Natalie Eagle, passenger, Norwegian 7016: “The WhatsApp group was started between me and my husband and a couple other passengers, and we added everyone. People at other hotels, people who are already home. Probably a hundred people. You’d pass your phone onto someone else, everyone just trying to get through to someone. [My husband’s] phone bill is an extra 100 pounds just from [Sunday] night.”

Réal Hamilton-Romeo, senior public relations manager, Norwegian USA: “There are things that could have been done differently, but it’s hard to single out any one particular thing, and I’m not going to say anything that could be misconstrued as negative against our partner, the Port Authority.”
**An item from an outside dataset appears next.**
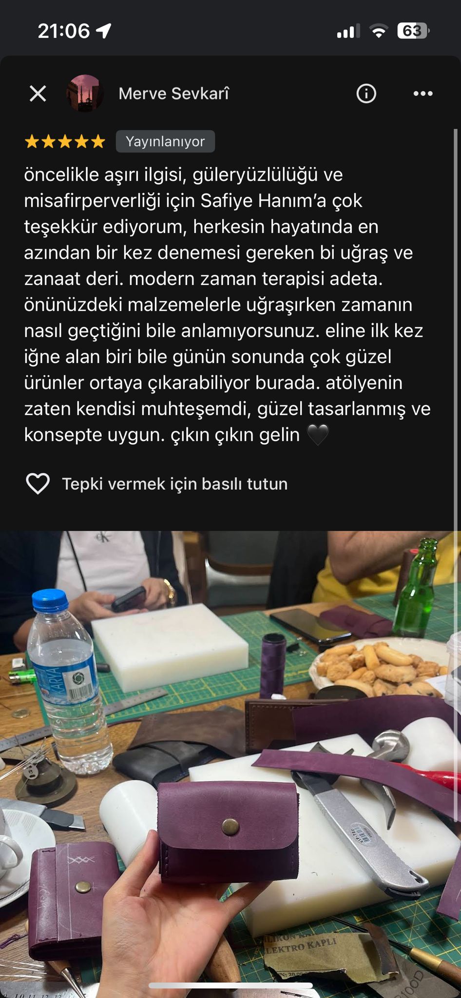 Sevdiklerinizle keyifli vakit geçirebileceğiniz ve sizin için farklı bir etkinlik olabilecek deri kursumuzun fiyatı Bu ay için 1800TL'dir.

Sam Horowitz, passenger, XL Airways 51: “Frustration and terrible circumstances really lead to making good friends. Now I feel like I have contacts in Paris because I know girls in Paris, and we talked about them coming to visit me in Copenhagen. Now I can reflect that and think, I met these girls because we were all suffering together. I met some really good people that I hope I’ll get to see again.”

Christopher Schaberg, author, Airportness: “The conundrum of flight that airlines don’t typically want to acknowledge openly, but it might serve them well to be more direct about: This whole thing is always on the verge of being such a total mess. … Perhaps we’d all be a bit better off (psychologically, at least) if we went in expecting, well, if not the worst, at least expecting something to go wrong at some point. … Airlines want to promote images of perfection and idealism. But that’s just not the reality of mortal air travel.

CODA

Wednesday, Jan. 10

11:20 a.m.: Six days after the snowstorm, more than 5,000 bags remain at JFK Airport.

1 p.m.: After being rebooked on Iceland Air, with a seven-hour layover in Reykjavik, Natalie Eagle and her husband land on Wednesday evening at Heathrow Airport, more than 100 hours after first arriving at JFK for their flight, and with still one more hour to go: Their car is parked on the other side of London, at Gatwick Airport.